* **The data**:
┄┄┄┄┄┄┄┄┄┄
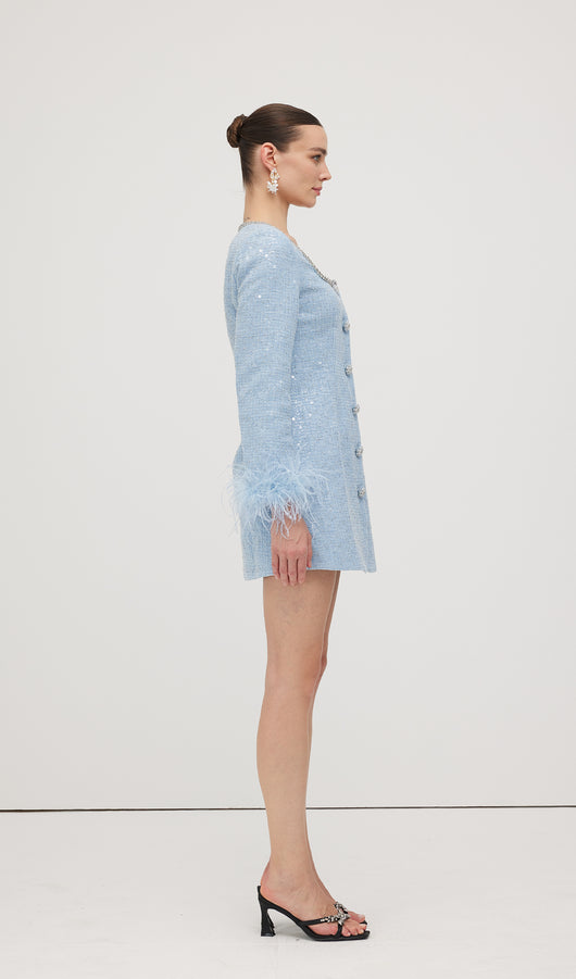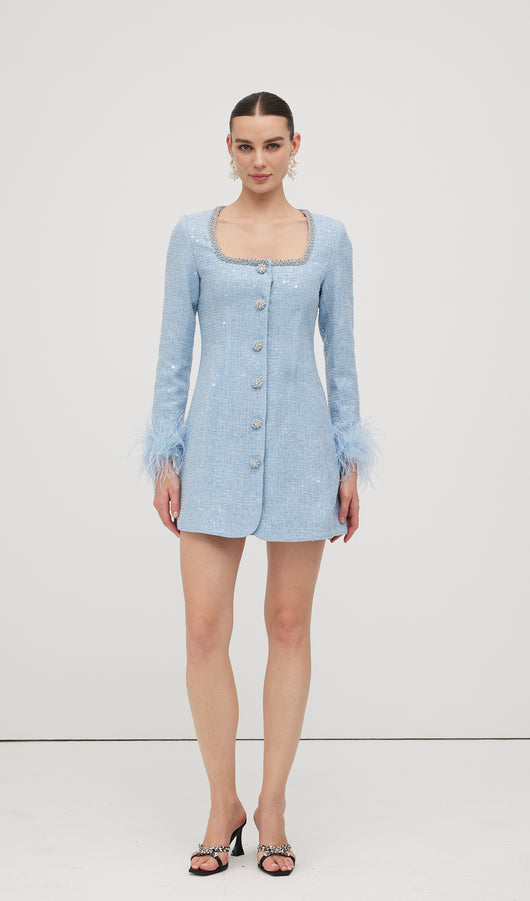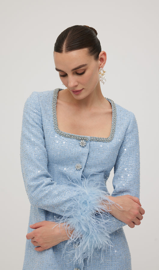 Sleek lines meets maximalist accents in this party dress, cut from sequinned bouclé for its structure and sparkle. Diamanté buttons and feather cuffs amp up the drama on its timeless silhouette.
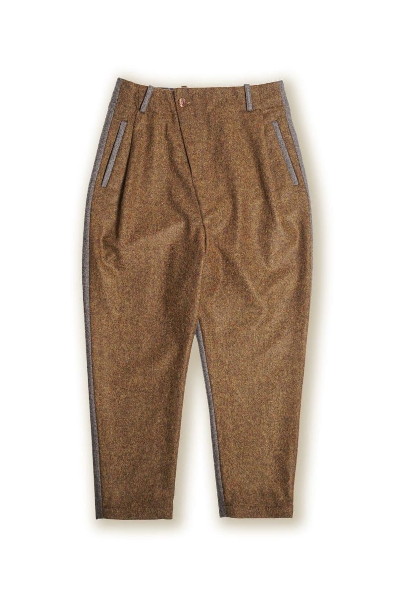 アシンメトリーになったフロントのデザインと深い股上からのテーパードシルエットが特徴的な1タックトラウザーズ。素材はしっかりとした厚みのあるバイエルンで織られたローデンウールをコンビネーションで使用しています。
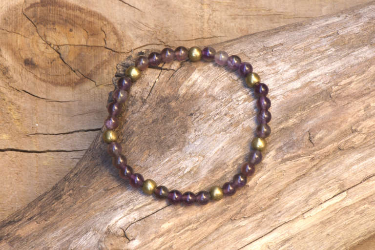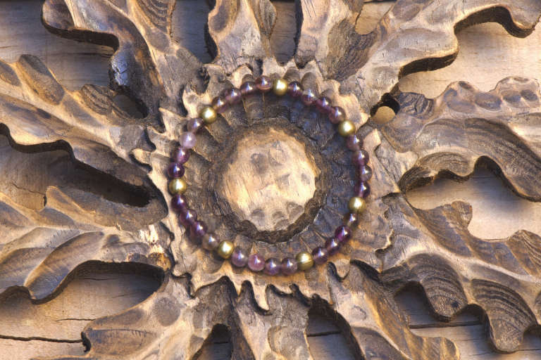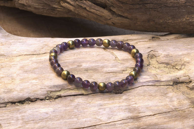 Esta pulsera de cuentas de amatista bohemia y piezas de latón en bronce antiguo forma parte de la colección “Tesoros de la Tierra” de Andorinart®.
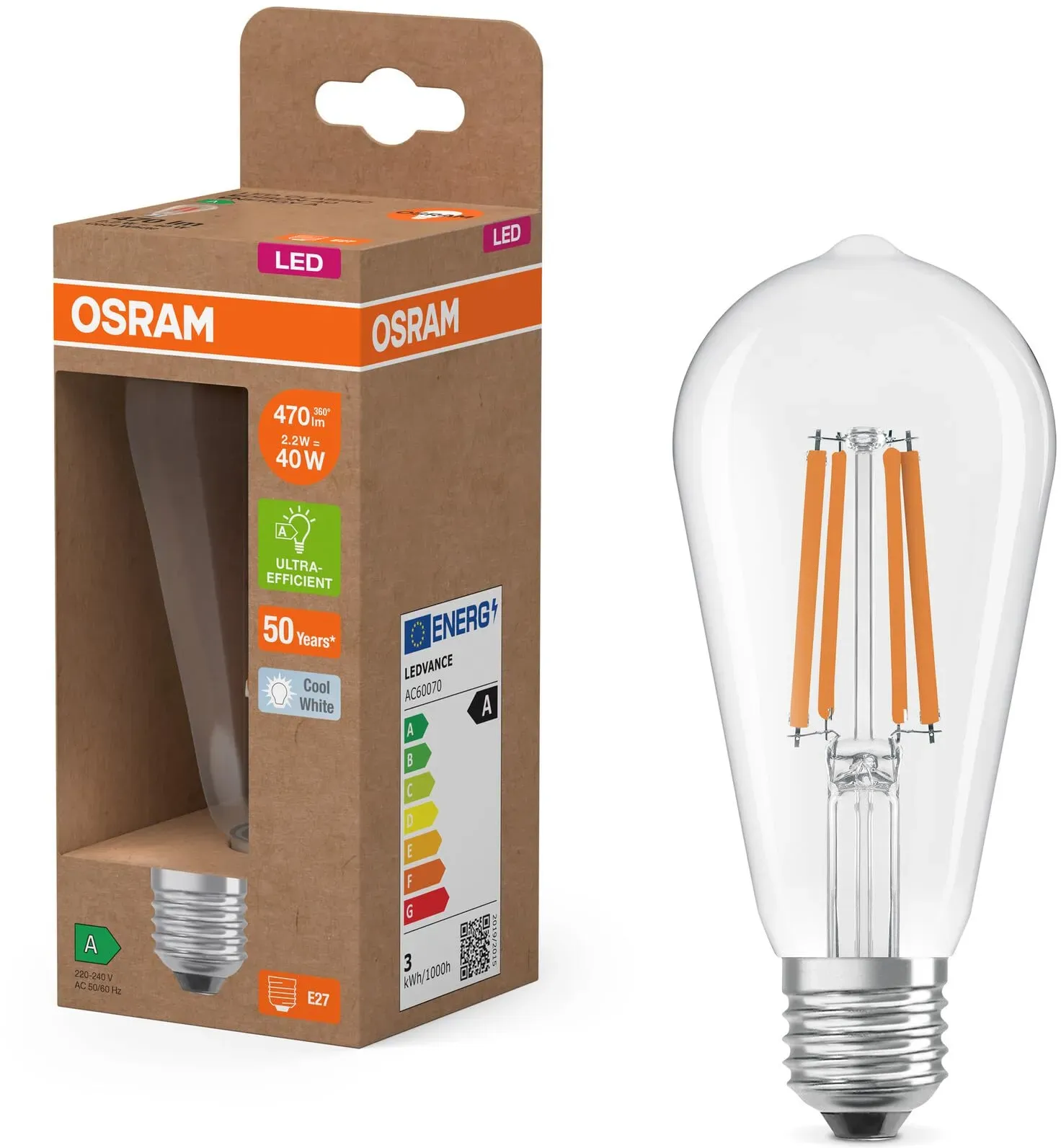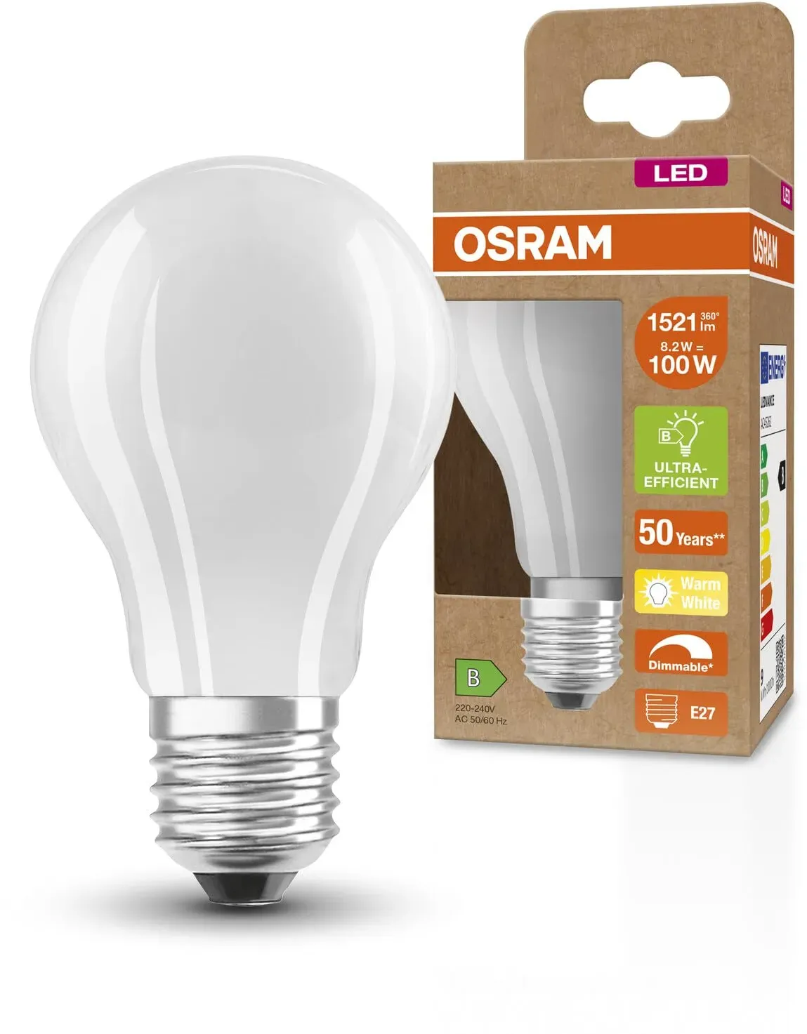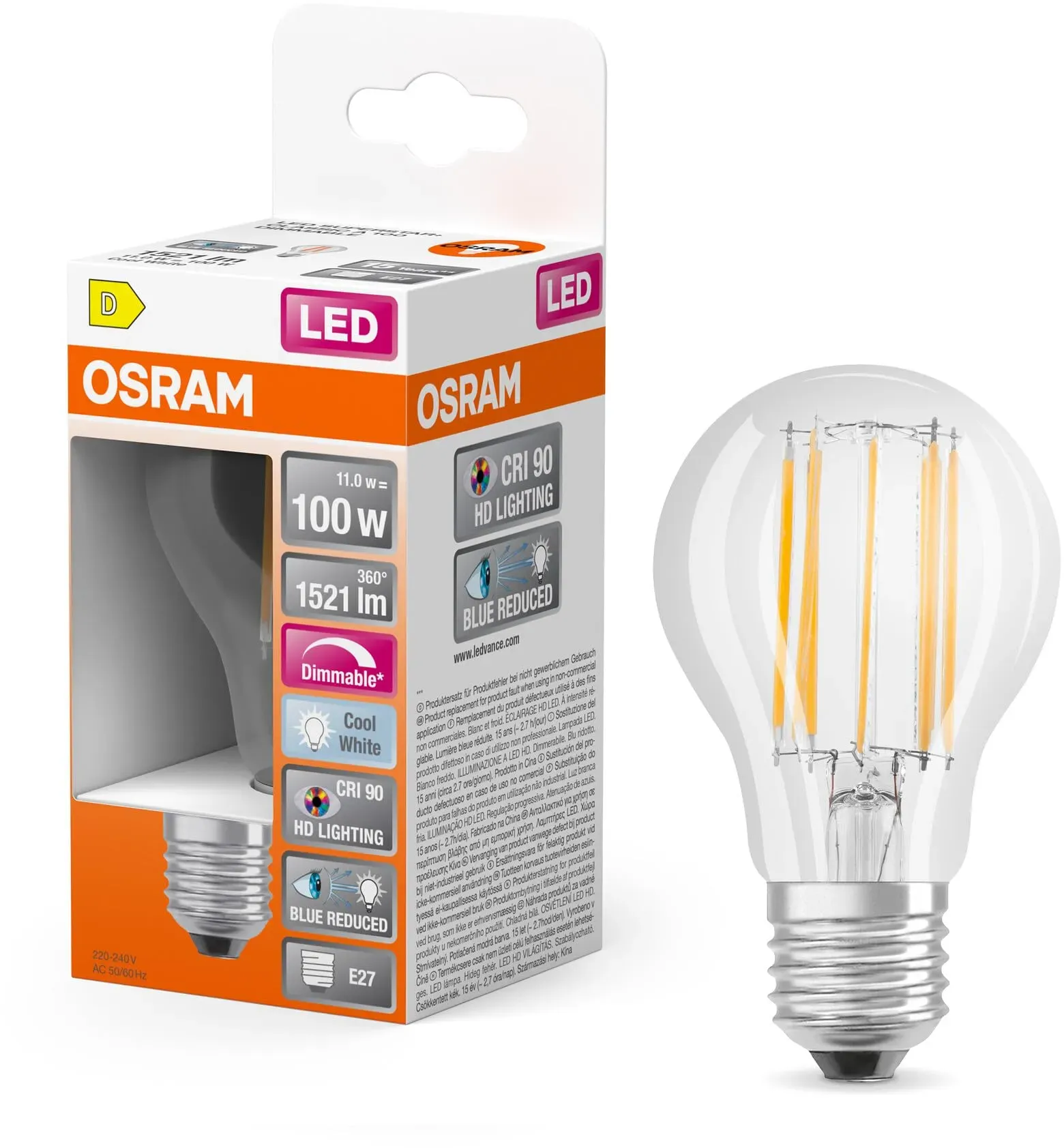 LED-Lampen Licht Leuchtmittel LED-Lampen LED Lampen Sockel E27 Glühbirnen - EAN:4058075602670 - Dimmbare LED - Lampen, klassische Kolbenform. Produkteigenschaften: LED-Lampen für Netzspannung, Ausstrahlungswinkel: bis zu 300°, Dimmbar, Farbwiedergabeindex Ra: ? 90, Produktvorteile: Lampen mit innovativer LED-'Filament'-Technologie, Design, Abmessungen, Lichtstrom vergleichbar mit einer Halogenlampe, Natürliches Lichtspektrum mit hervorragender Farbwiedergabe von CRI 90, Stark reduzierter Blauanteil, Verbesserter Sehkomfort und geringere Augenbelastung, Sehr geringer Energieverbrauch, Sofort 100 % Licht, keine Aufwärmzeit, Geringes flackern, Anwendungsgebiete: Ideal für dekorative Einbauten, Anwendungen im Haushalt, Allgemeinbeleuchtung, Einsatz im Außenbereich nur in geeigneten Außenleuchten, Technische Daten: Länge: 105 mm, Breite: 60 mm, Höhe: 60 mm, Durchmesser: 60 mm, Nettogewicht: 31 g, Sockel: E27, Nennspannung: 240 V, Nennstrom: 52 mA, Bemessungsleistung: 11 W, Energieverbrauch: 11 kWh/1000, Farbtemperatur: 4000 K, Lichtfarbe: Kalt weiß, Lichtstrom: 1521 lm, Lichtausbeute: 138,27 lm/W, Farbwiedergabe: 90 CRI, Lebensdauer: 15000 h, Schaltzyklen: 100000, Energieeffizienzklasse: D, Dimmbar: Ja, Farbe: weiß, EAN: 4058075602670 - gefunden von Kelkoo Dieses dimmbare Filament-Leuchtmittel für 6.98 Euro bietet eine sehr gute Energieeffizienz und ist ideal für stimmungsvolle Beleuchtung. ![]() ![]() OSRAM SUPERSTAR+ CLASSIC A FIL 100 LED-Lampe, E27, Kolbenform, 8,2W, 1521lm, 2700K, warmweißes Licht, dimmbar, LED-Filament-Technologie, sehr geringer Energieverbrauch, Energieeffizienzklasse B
┄┄┄┄┄┄┄┄┄┄
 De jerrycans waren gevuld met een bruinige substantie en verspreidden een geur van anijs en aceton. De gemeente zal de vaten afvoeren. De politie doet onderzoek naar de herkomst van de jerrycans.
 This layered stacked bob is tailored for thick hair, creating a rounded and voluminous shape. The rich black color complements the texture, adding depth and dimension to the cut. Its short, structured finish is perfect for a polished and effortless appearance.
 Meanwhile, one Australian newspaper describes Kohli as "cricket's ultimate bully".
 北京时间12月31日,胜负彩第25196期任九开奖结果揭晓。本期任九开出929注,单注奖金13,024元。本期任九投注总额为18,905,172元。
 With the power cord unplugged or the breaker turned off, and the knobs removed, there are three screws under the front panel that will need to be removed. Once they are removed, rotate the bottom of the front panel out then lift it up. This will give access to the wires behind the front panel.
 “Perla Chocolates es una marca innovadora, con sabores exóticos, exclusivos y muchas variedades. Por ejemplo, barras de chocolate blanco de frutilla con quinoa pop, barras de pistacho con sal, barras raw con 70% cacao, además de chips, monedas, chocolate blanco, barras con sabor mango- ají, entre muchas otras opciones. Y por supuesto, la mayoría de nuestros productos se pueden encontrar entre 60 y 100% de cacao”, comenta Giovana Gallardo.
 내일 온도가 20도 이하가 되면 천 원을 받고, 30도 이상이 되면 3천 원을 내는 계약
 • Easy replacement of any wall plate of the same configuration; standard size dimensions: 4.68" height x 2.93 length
┄┄┄┄┄┄┄┄┄┄
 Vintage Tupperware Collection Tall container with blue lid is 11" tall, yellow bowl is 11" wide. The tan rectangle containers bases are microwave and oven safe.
┄┄┄┄┄┄┄┄┄┄
* **Your task**: All that is needed is the exact run of lines above from the line containing "北京时间12月31日,胜负彩" through the line containing "x 2.93 length", both of them included.

* **Answer area**:
 北京时间12月31日,胜负彩第25196期任九开奖结果揭晓。本期任九开出929注,单注奖金13,024元。本期任九投注总额为18,905,172元。
 With the power cord unplugged or the breaker turned off, and the knobs removed, there are three screws under the front panel that will need to be removed. Once they are removed, rotate the bottom of the front panel out then lift it up. This will give access to the wires behind the front panel.
 “Perla Chocolates es una marca innovadora, con sabores exóticos, exclusivos y muchas variedades. Por ejemplo, barras de chocolate blanco de frutilla con quinoa pop, barras de pistacho con sal, barras raw con 70% cacao, además de chips, monedas, chocolate blanco, barras con sabor mango- ají, entre muchas otras opciones. Y por supuesto, la mayoría de nuestros productos se pueden encontrar entre 60 y 100% de cacao”, comenta Giovana Gallardo.
 내일 온도가 20도 이하가 되면 천 원을 받고, 30도 이상이 되면 3천 원을 내는 계약
 • Easy replacement of any wall plate of the same configuration; standard size dimensions: 4.68" height x 2.93 length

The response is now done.